Marriott’s Starwood Hotels has confirmed its hotel guest database of about 500 million customers was stolen in a data breach — The hotel and resorts giant said in a statement filed with US regulators that the “unauthorized access” to its guest database was detected on or before September 10 — but may date back as far as 2014.
US life expectancy has dropped — Life expectancy for Americans fell again last year, despite growing recognition of the problems driving the decline and federal and local funds invested in stemming them.
US millennials are poorer — Since millennials first started entering the workforce, their spending habits have been blamed for killing off industries ranging from casual restaurant dining to starter houses. However, a new study by the Federal Reserve suggests it might be less about how they are spending their money and more about not having any to spend. [The gig economy is the beginning of the end for human workers.]
Democrats want more info on Amazon facial recognition — A group of Democratic lawmakers are demanding more answers from Amazon about its contracts to provide law enforcement agencies with facial recognition technology.
Microsoft to power US army — Microsoft has secured a US$662 million-plus contract with the US Army for Integrated Visual Augmentation System (IVAS) prototypes, Bloomberg reported Wednesday, expanding its relationship with the military and beating out a slew of other companies competing for the contract. [We are about to enter live battle zone. Please do not restart your computer: critical Security Update will now install …]
A world of pain — UK deals ‘extraordinary rebuke’ to Facebook: The British Parliament has seized internal Facebook documents in “an extraordinary attempt to hold the US social media giant to account” after being repeatedly spurned in their attempts to have the company’s CEO Mark Zuckerberg testify about its data privacy practices. The internal Facebook documents in question could shed light on management’s approach to data privacy issues around the same time it was dealing with the Cambridge Analytica scandal.
Intimate killings of women — Last year, 50,000 women worldwide were killed by intimate partners or family members. That translates to 1.3 deaths per 100,000 women, according to a global study on gender-related killing of women and girls released this month by the United Nations Office on Drugs and Crime (UNODC).
Australian firms can sack employees refusing scans — Businesses using fingerprint scanners to monitor their workforce can legally sack employees who refuse to hand over biometric information on privacy grounds, the Australian Fair Work Commission has ruled. [Advance Australia F____]
Online help can read what you type — Next time you’re chatting with a customer service agent online, be warned that the person on the other side of your conversation might see what you’re typing in real time.
Japan has restarted 5 nuclear power reactors in 2018 — As part of Japan’s long-term energy policy, issued in April 2014, the central government called for the nuclear share of total electricity generation to reach 20%–22% by 2030, which would require 25 to 30 reactors to be in operation by then. In 2017, four operating nuclear reactors provided 3% of Japan’s total electricity generation. [They’re on shaky ground.]

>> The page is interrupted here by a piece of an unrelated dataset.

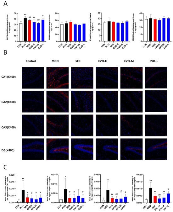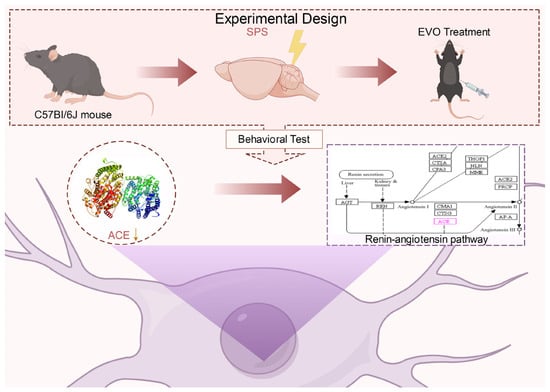 2.8. Effects of EVO on Core Target Levels and the Renin–Angiotensin Pathway in the Hippocampus of SPS-Induced PTSD Mice

Giant viruses —In an oversized US outdoor research laboratory, scientists have made an unexpected discovery, finding 16 rare ‘giant’ viruses that are completely new to science.

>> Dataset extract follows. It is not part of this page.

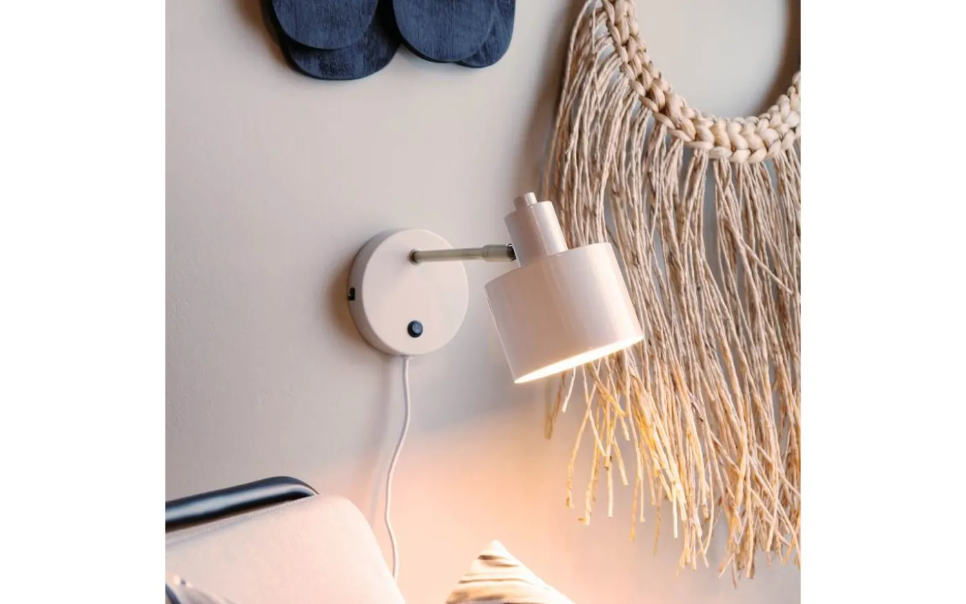 Vägglampa i modern design där avståndet mellan vägg och skärm ger många användningsmöjligheter.

Super smart computer viruses — The cybersecurity threats of deep learning and neural networks are emerging. We’re just beginning to catch glimpses of a future in which cybercriminals trick neural networks into making fatal mistakes and use deep learning to hide their malware and find their target among millions of users.
Time capsules that may survive apocalypse — Most of ’em get soggy and ruined, but there are ways …
Excerpt from my forthcoming book — It’s kinda on hold as I work on another book, sorry! But I will get back to it after Christmas.